*EXERCISE DETAILS*. Restate word for word the entries below, starting with the line with "Gold-Tone Clear Glass" and continuing through the line with "Jullie hebben er". Include both of those lines and no others.

================================

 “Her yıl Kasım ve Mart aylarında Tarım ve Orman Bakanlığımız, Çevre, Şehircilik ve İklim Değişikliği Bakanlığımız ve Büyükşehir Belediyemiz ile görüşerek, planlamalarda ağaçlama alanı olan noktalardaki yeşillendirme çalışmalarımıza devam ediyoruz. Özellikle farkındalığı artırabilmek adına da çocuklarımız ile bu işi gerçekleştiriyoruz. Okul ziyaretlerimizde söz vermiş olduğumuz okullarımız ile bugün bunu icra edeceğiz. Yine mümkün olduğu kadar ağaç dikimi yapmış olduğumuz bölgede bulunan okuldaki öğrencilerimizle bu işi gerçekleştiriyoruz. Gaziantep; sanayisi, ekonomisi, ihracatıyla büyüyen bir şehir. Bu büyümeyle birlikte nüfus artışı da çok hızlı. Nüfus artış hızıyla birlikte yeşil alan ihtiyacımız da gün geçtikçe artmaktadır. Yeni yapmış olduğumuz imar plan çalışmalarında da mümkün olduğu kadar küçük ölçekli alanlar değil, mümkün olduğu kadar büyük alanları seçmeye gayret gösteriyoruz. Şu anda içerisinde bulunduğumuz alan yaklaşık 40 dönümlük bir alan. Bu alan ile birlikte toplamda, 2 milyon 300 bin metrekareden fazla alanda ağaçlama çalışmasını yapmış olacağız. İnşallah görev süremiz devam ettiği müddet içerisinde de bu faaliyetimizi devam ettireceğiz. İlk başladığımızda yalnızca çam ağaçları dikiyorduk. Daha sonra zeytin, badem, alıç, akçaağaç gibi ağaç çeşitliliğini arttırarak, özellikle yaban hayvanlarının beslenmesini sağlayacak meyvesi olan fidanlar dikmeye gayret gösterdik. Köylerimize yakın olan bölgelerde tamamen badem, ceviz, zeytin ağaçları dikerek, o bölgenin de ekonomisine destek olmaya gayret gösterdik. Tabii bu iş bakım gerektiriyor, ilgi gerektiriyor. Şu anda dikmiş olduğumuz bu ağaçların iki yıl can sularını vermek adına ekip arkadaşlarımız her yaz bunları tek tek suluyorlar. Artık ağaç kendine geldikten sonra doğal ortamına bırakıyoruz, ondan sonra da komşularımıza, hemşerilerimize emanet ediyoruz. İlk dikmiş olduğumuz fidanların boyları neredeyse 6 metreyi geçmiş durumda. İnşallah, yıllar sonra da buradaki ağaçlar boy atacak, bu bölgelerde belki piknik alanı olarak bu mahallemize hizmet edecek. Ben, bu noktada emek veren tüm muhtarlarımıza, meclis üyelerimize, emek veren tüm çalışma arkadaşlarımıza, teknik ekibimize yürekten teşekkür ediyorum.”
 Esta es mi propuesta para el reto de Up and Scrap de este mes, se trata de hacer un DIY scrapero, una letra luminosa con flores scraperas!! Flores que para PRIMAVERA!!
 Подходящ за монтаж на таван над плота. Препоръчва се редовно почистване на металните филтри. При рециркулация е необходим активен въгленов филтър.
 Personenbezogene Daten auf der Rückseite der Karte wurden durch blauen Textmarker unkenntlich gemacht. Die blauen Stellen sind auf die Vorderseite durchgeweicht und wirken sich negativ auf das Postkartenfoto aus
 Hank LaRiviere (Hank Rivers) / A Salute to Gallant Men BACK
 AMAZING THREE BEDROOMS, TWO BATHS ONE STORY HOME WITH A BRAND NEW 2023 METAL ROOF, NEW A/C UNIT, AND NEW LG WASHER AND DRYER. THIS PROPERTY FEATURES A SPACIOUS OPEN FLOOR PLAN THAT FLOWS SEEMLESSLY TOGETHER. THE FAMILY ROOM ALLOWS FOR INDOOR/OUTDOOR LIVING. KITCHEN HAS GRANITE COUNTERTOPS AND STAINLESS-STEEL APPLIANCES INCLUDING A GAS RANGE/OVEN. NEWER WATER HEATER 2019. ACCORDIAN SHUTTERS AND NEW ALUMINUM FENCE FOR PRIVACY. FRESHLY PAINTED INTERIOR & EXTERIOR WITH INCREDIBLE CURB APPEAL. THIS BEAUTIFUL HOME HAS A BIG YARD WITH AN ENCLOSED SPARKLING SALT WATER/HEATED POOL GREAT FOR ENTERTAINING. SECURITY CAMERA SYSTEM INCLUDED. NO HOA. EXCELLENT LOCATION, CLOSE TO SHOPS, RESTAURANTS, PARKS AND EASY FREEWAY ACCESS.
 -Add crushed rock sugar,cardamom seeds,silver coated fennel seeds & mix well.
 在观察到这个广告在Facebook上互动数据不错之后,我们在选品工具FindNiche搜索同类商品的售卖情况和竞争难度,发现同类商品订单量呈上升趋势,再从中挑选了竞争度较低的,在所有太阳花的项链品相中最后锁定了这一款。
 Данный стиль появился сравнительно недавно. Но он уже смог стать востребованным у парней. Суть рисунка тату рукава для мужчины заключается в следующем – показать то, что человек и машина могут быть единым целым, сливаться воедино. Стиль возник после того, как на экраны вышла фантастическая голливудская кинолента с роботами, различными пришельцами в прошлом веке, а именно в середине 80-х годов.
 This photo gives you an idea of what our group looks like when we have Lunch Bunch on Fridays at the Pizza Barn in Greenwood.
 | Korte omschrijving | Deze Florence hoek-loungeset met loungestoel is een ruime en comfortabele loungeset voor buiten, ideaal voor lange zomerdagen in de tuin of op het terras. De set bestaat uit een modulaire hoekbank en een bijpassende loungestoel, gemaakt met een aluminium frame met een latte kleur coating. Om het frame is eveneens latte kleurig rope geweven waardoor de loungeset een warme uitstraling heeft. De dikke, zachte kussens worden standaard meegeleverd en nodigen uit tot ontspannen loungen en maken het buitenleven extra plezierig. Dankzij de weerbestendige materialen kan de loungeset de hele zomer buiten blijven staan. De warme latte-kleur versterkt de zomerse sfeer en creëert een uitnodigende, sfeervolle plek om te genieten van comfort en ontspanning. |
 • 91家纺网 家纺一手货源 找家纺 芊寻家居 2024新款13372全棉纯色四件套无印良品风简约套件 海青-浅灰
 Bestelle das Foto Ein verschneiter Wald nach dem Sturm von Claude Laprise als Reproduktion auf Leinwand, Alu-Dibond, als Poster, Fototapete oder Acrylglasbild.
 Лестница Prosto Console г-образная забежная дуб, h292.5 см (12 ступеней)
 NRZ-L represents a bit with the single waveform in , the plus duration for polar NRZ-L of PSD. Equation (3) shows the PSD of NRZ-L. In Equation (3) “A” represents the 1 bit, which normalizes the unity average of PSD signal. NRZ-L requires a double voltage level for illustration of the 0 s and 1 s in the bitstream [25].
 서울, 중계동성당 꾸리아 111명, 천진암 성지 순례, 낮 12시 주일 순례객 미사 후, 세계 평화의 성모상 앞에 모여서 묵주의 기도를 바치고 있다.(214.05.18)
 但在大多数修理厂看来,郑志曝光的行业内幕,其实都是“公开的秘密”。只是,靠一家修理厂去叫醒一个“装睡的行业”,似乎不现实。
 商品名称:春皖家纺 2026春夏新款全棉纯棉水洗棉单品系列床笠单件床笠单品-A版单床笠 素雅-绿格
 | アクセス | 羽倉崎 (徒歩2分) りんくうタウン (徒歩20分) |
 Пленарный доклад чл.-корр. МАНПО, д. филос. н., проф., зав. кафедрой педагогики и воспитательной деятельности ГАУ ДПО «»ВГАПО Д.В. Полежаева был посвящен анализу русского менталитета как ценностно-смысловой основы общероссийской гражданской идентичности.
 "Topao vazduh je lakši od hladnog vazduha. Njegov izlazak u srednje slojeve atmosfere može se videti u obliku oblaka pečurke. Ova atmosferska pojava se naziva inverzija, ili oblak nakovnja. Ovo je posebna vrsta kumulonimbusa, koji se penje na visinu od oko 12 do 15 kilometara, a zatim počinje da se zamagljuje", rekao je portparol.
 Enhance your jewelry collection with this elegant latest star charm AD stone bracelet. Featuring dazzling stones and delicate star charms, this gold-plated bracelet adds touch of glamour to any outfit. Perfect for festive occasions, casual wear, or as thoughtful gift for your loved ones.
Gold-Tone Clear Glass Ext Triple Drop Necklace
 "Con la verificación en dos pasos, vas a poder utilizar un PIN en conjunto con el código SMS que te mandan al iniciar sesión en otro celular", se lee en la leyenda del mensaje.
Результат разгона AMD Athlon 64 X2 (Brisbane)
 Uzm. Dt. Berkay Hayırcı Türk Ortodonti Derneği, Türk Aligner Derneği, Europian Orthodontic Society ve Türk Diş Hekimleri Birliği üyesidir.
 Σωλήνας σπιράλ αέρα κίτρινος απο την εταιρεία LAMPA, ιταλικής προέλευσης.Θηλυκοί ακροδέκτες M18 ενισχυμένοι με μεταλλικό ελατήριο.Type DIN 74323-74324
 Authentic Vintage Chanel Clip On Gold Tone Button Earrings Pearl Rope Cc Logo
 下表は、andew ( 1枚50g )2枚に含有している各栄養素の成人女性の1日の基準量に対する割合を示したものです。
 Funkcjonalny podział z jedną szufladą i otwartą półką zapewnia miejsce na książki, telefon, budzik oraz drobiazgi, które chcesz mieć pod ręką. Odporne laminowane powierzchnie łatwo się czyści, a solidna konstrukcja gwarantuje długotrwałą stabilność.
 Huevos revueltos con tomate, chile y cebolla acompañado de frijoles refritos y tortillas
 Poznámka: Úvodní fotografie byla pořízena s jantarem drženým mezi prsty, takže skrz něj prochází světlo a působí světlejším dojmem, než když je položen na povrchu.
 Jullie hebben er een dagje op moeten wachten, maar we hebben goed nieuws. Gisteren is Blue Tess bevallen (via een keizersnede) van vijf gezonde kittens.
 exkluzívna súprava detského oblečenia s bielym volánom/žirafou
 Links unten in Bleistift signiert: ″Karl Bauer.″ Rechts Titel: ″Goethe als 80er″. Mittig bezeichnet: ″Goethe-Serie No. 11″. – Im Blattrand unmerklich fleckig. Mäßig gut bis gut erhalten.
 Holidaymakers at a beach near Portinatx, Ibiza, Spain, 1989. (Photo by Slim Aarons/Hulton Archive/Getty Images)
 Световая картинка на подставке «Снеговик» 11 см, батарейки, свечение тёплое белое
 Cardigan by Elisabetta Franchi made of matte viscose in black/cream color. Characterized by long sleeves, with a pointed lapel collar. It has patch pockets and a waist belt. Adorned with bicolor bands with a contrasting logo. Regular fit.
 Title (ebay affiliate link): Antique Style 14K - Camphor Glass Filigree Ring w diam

================================

*TASK RESPONSE*.
Gold-Tone Clear Glass Ext Triple Drop Necklace
 "Con la verificación en dos pasos, vas a poder utilizar un PIN en conjunto con el código SMS que te mandan al iniciar sesión en otro celular", se lee en la leyenda del mensaje.
Результат разгона AMD Athlon 64 X2 (Brisbane)
 Uzm. Dt. Berkay Hayırcı Türk Ortodonti Derneği, Türk Aligner Derneği, Europian Orthodontic Society ve Türk Diş Hekimleri Birliği üyesidir.
 Σωλήνας σπιράλ αέρα κίτρινος απο την εταιρεία LAMPA, ιταλικής προέλευσης.Θηλυκοί ακροδέκτες M18 ενισχυμένοι με μεταλλικό ελατήριο.Type DIN 74323-74324
 Authentic Vintage Chanel Clip On Gold Tone Button Earrings Pearl Rope Cc Logo
 下表は、andew ( 1枚50g )2枚に含有している各栄養素の成人女性の1日の基準量に対する割合を示したものです。
 Funkcjonalny podział z jedną szufladą i otwartą półką zapewnia miejsce na książki, telefon, budzik oraz drobiazgi, które chcesz mieć pod ręką. Odporne laminowane powierzchnie łatwo się czyści, a solidna konstrukcja gwarantuje długotrwałą stabilność.
 Huevos revueltos con tomate, chile y cebolla acompañado de frijoles refritos y tortillas
 Poznámka: Úvodní fotografie byla pořízena s jantarem drženým mezi prsty, takže skrz něj prochází světlo a působí světlejším dojmem, než když je položen na povrchu.
 Jullie hebben er een dagje op moeten wachten, maar we hebben goed nieuws. Gisteren is Blue Tess bevallen (via een keizersnede) van vijf gezonde kittens.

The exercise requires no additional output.